ゼンゼロでエレン・ジョーが当たらなくて咽び泣いたり、シロコ*テラーは天井したのに今まで1人もいなかった3シロコ(ノーマル、ライディング、水着)が全員揃ったり、BattleBit Remasteredでクソエイムをかまして咽び泣いたりとしていたら前回の投稿から20日ほど経ってました。申し訳ナス!(気さくな謝罪)

《前回の誤字報告者兄貴姉貴》(敬称略)
貧弱な自分、荒魂マサカド、ゆそ(19話)、川野冷(15話)

ありがとナス!


27話 危険、救援、陸八魔

古戦ヶ原がRimworldにいた10年の中で、『襲撃』という事態は何度もあった。

 

弓矢と棍棒と槍を持った蛮族が数に任せて押し寄せてきたり、メカノイドが色々策を弄して攻めてきたり、宙族が鉛玉の雨霰を叩き込んできたり、戦狂いのアリが「楽しく戦争しようよ!」なんて言いながら攻めてきたり、ケンタウロスみたいな連中がバカみたいにボウガンを撃ちまくりながら攻めてきたり、お掃除大好きな悪魔が「お前んとこのコロニー汚いから掃除するね」とか言って攻めてきたり。

 

その全てをどうにかこうにか犠牲なく撃退してきたのが古戦ヶ原率いる『南マーロ遭難者組合』なのだが、犠牲とまでは言わずとも大怪我、あるいは欠損が発生したりと、死にそうになった事は何度もあった。

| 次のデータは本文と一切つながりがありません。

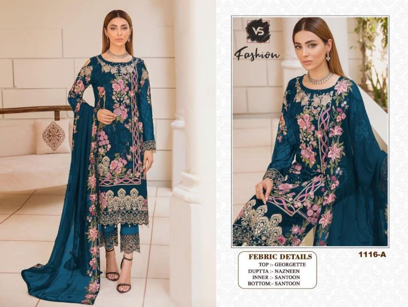 Home Dresses Original Indian Dress VS Fashion Hit Design VS-1116-A Series Suit in Teal Blue Colour

メカノイドに持ってかれた古戦ヶ原の左腕なんかがいい例である。

 

 

 

しかし、ここまで間近に『死』を感じた事はそうそう無い。

 

 

 

 

DE駐屯地

 

 

古戦ヶ原 哲郎

 

 

 

 

周囲の景色がスローで流れている。

 

視線の先には、カイザーPMC特有の2色迷彩のヘルメットとセーラー服、そして黒色のガスマスクをつけたヘイロー持ちの生徒。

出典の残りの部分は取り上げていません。